AI is much better at make this than decide if we should make this, for whom, and how to sustain it. That part is still on you.
How to actually get from idea to shipped with AI
If you want AI to help you ship, not just vibe, a few ground rules help:
- Decide the finish line first. Live on a subdomain with Stripe enabled beats let us see where it goes.
- Use AI for scaffolding, not direction. You define the product; the AI fills in the gaps. Keep ownership of the roadmap.
- Automate boring deployment. One-click scripts, templates, CI/CD from day one. If shipping is frictionless, you will do it more often.
- Freeze scope early. AI makes it too easy to add features. Lock v1, ship, then iterate.
- Treat prompts like tickets. Each prompt solves one concrete issue. No make me a full SaaS lol and then complaining it is messy.

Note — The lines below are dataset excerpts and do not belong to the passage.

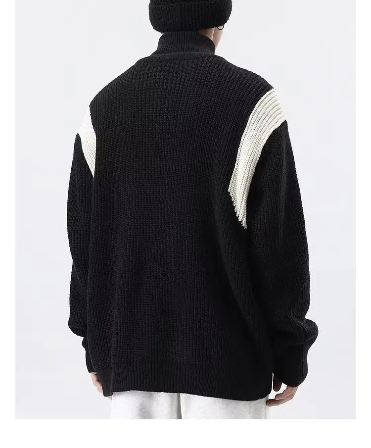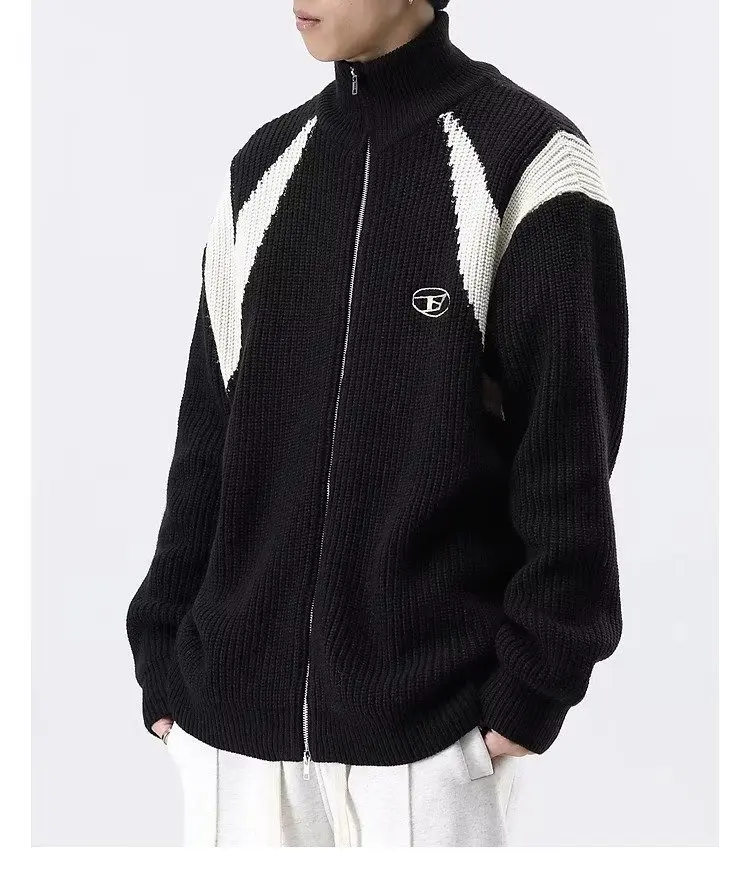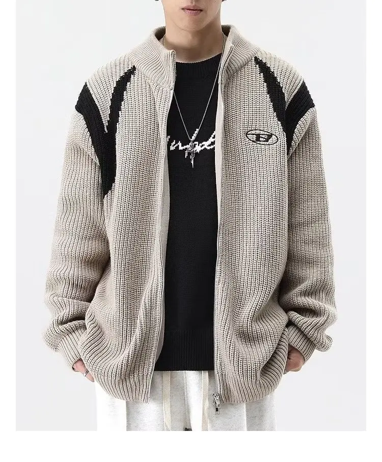 Double Zipper Cardigan Sweater Men Women Retro Loose Knitted Jumpers Autumn Streetwear Harajuku Street Color Block Jacket New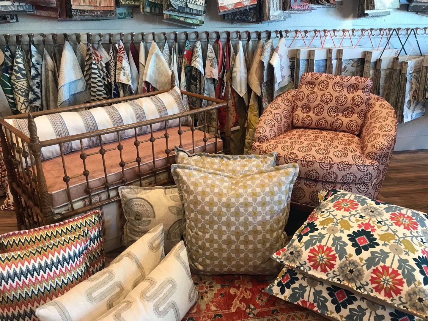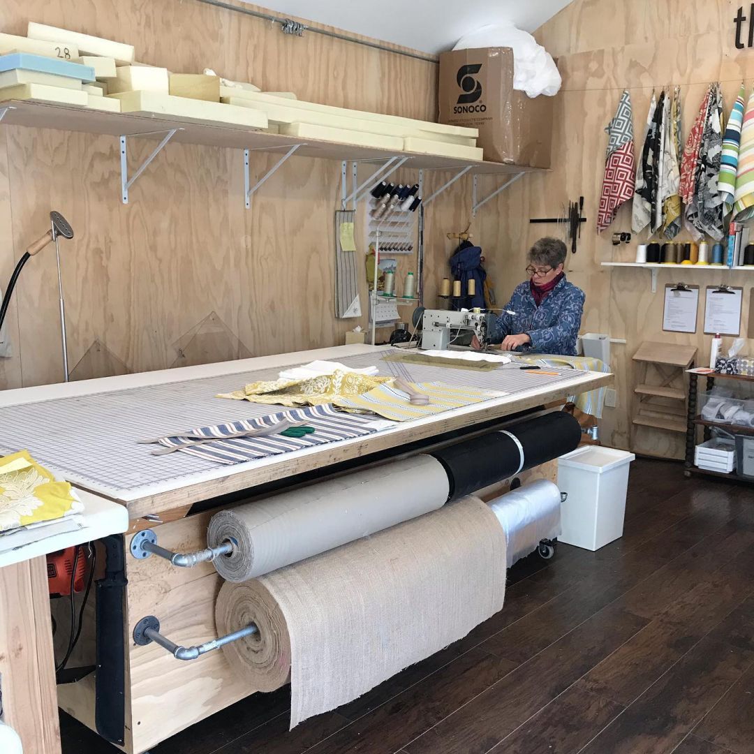 I never claimed to be the best upholsterer in the world, but I set out to give people a different experience than the upholstery shops that were currently available. Women, especially older women, didn’t feel comfortable going to them. It was usually an older man who didn’t listen, would only do things the way he thought they should be done, and don’t even think about doing anything outside of the box, and getting creative would be total nonsense. I say yes to almost anything. Some people come in with limited knowledge of furniture, fabric, design, trends, etc. We talk endlessly about why, how, needs, wants, etc. We want our clients to feel really good about what we design for them. We create furniture, drapes, bedding, cushions, pillows, and also do interior design when we have the time. We did an entire restaurant in 8 days. We blocked out a month for the job, but once we got started we just decided to set up shop at the restaurant and work from 7am-9pm through the weekend and surprise the owner. They had to close for a week due to city related construction, so hey what the heck. We are proud of our little team of women. It all sounds so fun and we hear frequently, “wow it must be so fun to work here”, but let me tell you it was not easy, and it is not easy. It is WORK! I have cried rivers of tears over this business. I have worked till exhaustion. There was a time I started work at 3am because I just couldn’t keep up. I would work in my pajamas, and in my full state of exhaustion, I knocked over a can of stain on a finished piece kind of exhaustion. The challenges? Have I overcome the challenges? Do you ever overcome the challenges? I’m the main upholsterer because there are no upholsterers to hire. We had one guy that really turned our place upside down. We decided then that I would stay in the roll of upholsterer and the other ladies would cover the other parts. It’s a dying art in this country and if you can upholster, why would you upholster for someone else? I have carpel tunnel pain in my hands sometimes because of the work, but hey, I am so unbelievable proud of what we do and what our company stands for. We bring our best every day. We support each other at work and beyond. I would never claim to have done all this on my own. I have amazing women working for me.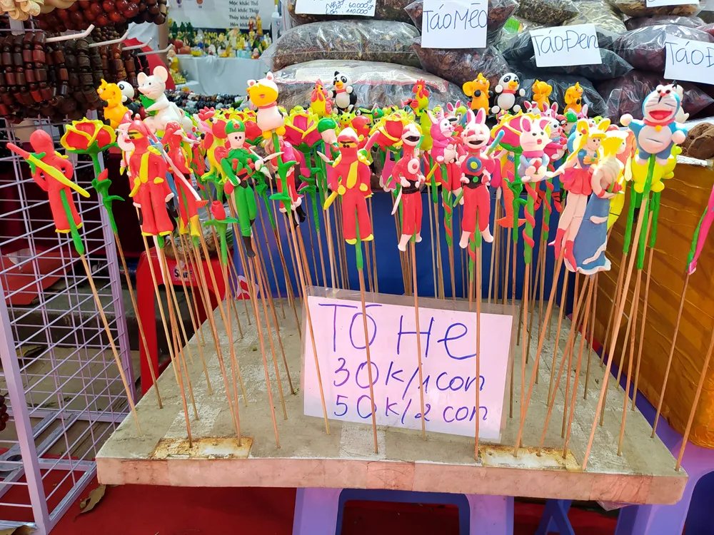 Bên cạnh những món đồ chơi hiện đại là các loại lego, đồ chơi nhựa… giá thành rẻ, đủ chủng loại…, những gian hàng tò he như một nét chấm phá, điểm tô thêm không gian cho các lễ hội xuân sắc màu ở mảnh đất phương Nam nắng gió.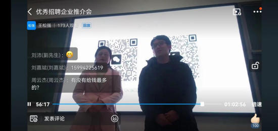 其中好轻松人事部经理戎春兰通过播放企业宣传片,在介绍企业历史、文化环境的基础上,重点介绍了同学们尤为关注的招聘流程、实习时间、工作内容、考核标准以及薪资待遇等方面的情况。其次,在现场互动环节,同学们积极与经理互动交流,围绕工作内容、培养方式等进行了一系列的问答与热烈讨论,各个企业负责人从就业方向、就业措施、注意事项三方面进行了解读。对当前就业形势进行了分析,强调要树立正确就业观念,多方位关注就业信息,正视自己的能力和竞争力,选择合适的实习单位,同时也表示非常期待同学们前去实习。

Used like that, AI changes the curve: You still have that final 5% of human decisions, but the amount of energy you saved on the 95% makes it easier to push through.
So, more action or same old story?
More people are going from idea to something running locally. That is undeniable given the adoption stats and how much AI-generated code now lives in production.
But the real bottleneck moved:
- Before: Too hard, too long, I do not have time to build it.
- Now: It is built, kind of works, but I am stuck on launching, positioning, and committing to it.
AI coding did not magically turn the world into solo-founders shipping profitable SaaS in a weekend. It just made it much easier to get stuck closer to the finish line.